Ainsi, on a montré qu'il existait un polynôme $A=\operatorname{af}(C) \in \mathbb{Q}[X]$ et un entier $n$ positif ou nul tel que pour tout $P \in \mathbb{Z}[X]$,
$$
f(P)(X)= \pm A(X) P(X)^{n}
$$
où le signe dans le $\pm$ peut dépendre de $P$, mais pas de $X$. Avec $P=1$, on obtient que $A$ est un polynôme à coefficients entiers. De plus, en posant $P=2, Q=3$ dans l'hypothèse de l'énoncé, on obtient que pour tout entier $r$,
$$
A(r) 2^{n}\left|A(r) 3^{n} \Longleftrightarrow 2\right| 3
$$
Ceci implique que $A(r) \neq 0$ pour tout $r$, et que $n \geqslant 1$.

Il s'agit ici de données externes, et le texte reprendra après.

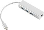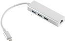 Ethernet Adapter, USB 3.1 C Stecker auf RJ45 Etherneth Buchse + 3x USB Buche.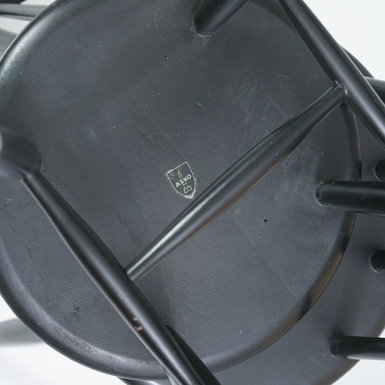Tuolit malli "Pirjo"/2049 (4 kpl myydään yhdessä), design Aulis Leinonen, valmistanut Asko, 60-luku. Maalattu puurunko. Myöhemmin uudelleen maalattu. Leimattu. Hyvä kunto, ajan patinaa ja pientä jälkeä. Tuolit myydään yhdessä settinä. Ilmoitettu hinta on settihinta.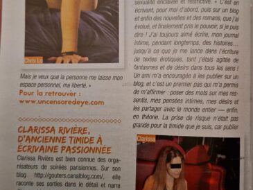 Merci Sandra Franrenet et le magazine du Monde pour cette visibilité que je n’aurais jamais osé espérer ! Je suis sûre que la littérature érotique contemporaine gagne là le coup de pouce qui lui manquait ! A cet égard, le témoignage de Marion Mazaurie m’a frappé, elle évoque l’âge d’or de la littérature érotique, dans le milieu des années 80, quand toutes les maisons d’éditions avaient leur collection érotique. Elles ont renoncé ensuite, la littérature érotique a disparu des rayons. Maintenant, si la romance pimentée rencontre un franc succès, l’érotisme pur continue de rester discret. Et pourtant, les French authors ne manquent pas d’idées pour se démarquer de leurs homologues américains !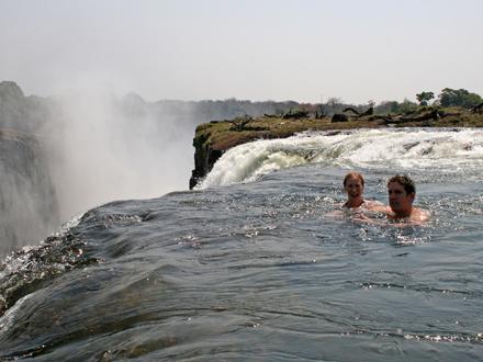 Enfin, une piscine à débordement naturelle, et dangereuse, "la piscine du Diable" aux Chutes Victoria, à la frontière du Zimbabwe et de la Zambie. Evidemment, située à 100 m de haut, la vue est incroyable mais le courant est fort et risque de vous entraîner directement dans les chutes... A observer de loin donc !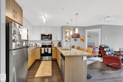 For Investors, Leased till 2026 Aug for $1950/month. 884 sqft (builder measurement) two bedrooms and two full baths. The Unit has one underground parking, and the condo fee covers all the utilities (Electricity, heat, water, sewer, snow removal and many more). It is suitable for the downtown commuter. The Unit has a balcony with a nice view and a natural gas outlet for your BBQ set. Parks, shopping stores and playgrounds are nearby; Clareview Community Recreation Centre is beside the condominium. The building is quiet and clean. The kitchen offers plenty of cabinets with an open concept. The primary bedroom has a walk-in closet and a 4pc ensuite bathroom. The secondary bedroom is generous in size and located on the other side of the living room. The in-suite laundry room has a front-facing washer, dryer, and storage space next to the second 4pc washroom. It is a few minutes from the Clareview LRT transit and Bus station. There is easy access to Anthony Henday and Yellowhead Trail, Belmont Shopping.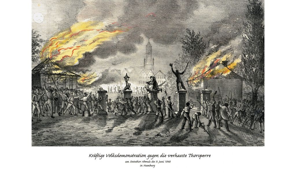 So hatte man in Deutschland Angst, dass dieser Funke auch zu ihnen überspringt. Wie im Rest von Europa waren die Bürger von Hamburg zu tiefst unzufrieden. Die 150‘000 Einwohner, welche in unmenschlichen Bedingungen und unvorstellbare schlimmen hygienischen Zustände lebten, hatten kein Recht sich für ihre Zukunft politisch zu äussern oder mitzubestimmen. Alleine die Reichen hatten das politische Mitbestimmungsrecht, die 3‘000 „erbgesessenen Bürger“ nämlich, also diejenigen, die über Grundbesitz innerhalb von Hamburgs Wallanlagen verfügten. Bei den Einwohnern in Hamburg brodelte es von Unmut welches am Freitag, 3. März 1848 zur Explosion und Aufstand kam. Die Bürger akzeptierten nicht mehr länger, dass alleine die Reichen das Sagen haben. Die Senatoren von Hamburg spürten die Tumulte an ihren prächtigen Villas, die durch das arme Volk mit Steinen die Fenster eingeschmissen wurden. Das Bürgermilitär musste einschreiten um die Tumulte unter Kontrolle zu bringen und eindämmen. Noch am selben Abend des 3. März 1848 wurde eine Ratssitzung in Hamburg einberufen, um zu beraten wie das Volk beruhigt werden kann. Der Vorschlag war die Pressefreiheit einzuführen, um der Hauptforderung der Opposition zu erfüllen.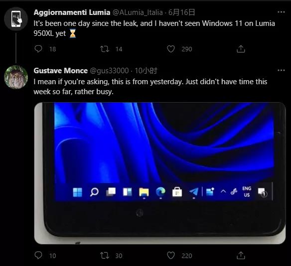 現(xiàn)在,其中一位開(kāi)發(fā)人員在Lumia 950 XL上成功運(yùn)行了Windows 11系統(tǒng),Gustave Monce在Twitter上向我們分享了這一喜訊,并表示他還在努力適配更多內(nèi)容。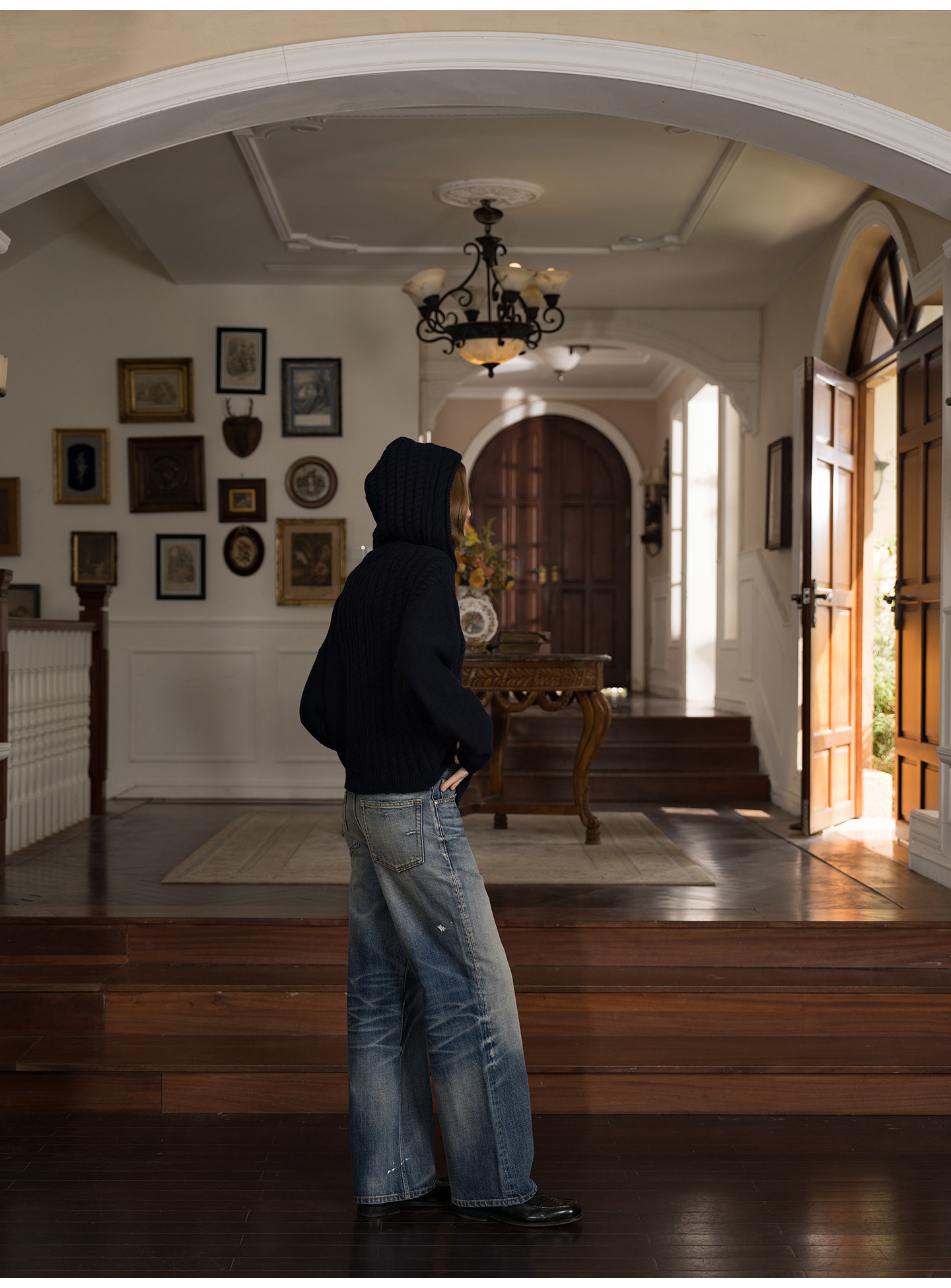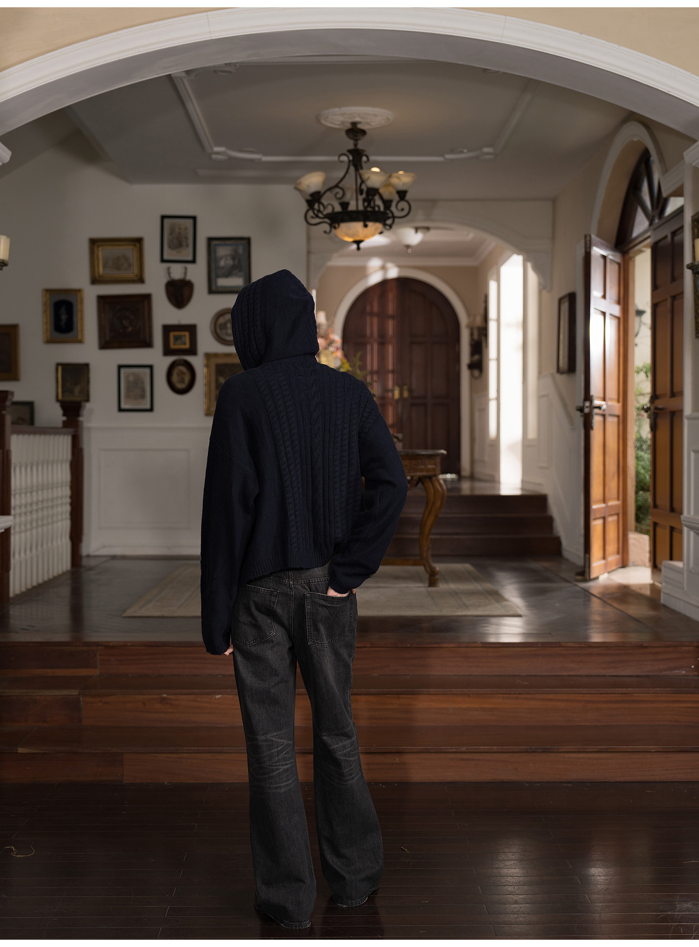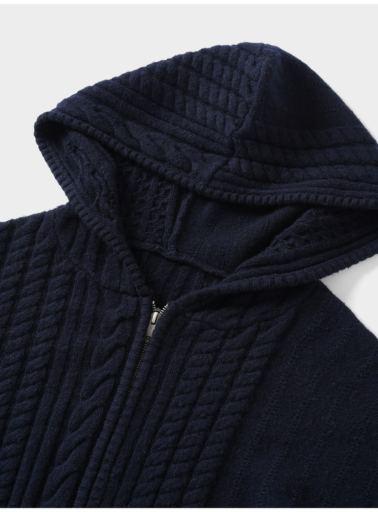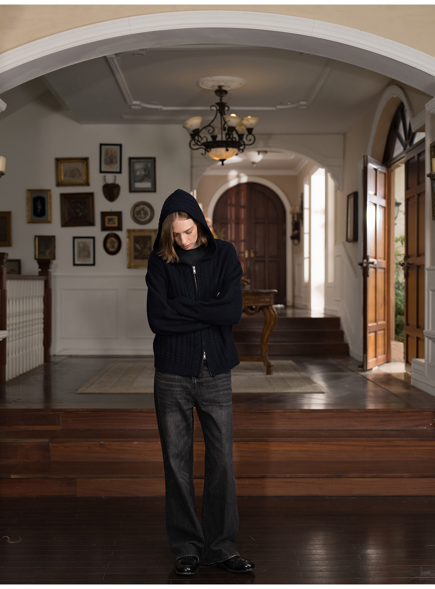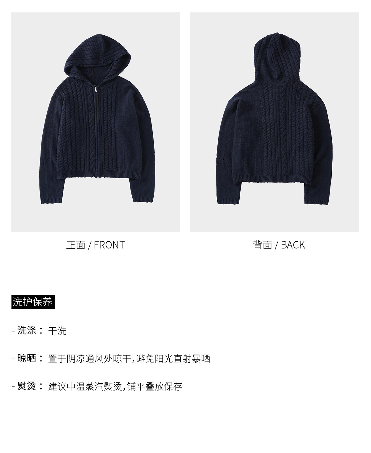 Amicus Animae Irregular Soft Knitted Wool Zipper Hooded Cardigan Sweater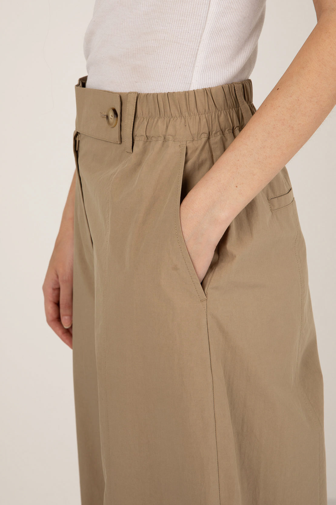 Crafted from 100% cotton, the Thea Barrel Leg Trouser delivers a contemporary silhouette with timeless appeal. The structured waistband features an extended tab closure, while soft front pleats add subtle dimension. A tapered barrel leg crops elegantly at the ankle, paired with clean side-seam pockets for understated functionality. In sandy beige, this piece strikes the perfect balance between refined tailoring and effortless wear. Style with The Martina Poplin Jacket to complete a polished ensemble.

Supposons maintenant que f soit de la forme ci-dessus, avec $A \in \mathbb{Z}[X]$ ne s'annulant en aucun entier et $n \geqslant 1$. Alors on a bien que pour tout $r$ entier et $P, Q \in \mathbb{Z}[X]$,
$$
\mathrm{P}(\mathrm{r})\left|\mathrm{Q}(\mathrm{r}) \Longleftrightarrow \pm \mathrm{A}(\mathrm{r}) \mathrm{P}(\mathrm{r})^{n}\right| \pm \mathrm{A}(\mathrm{r}) \mathrm{Q}(\mathrm{r})^{\mathrm{n}}
$$
et donc f vérifie la condition de l'énoncé.
Commentaire des correcteurs : L'exercice a été très peu réussi, mais certains ont réussi à avoir des avancées partielles sur le problème.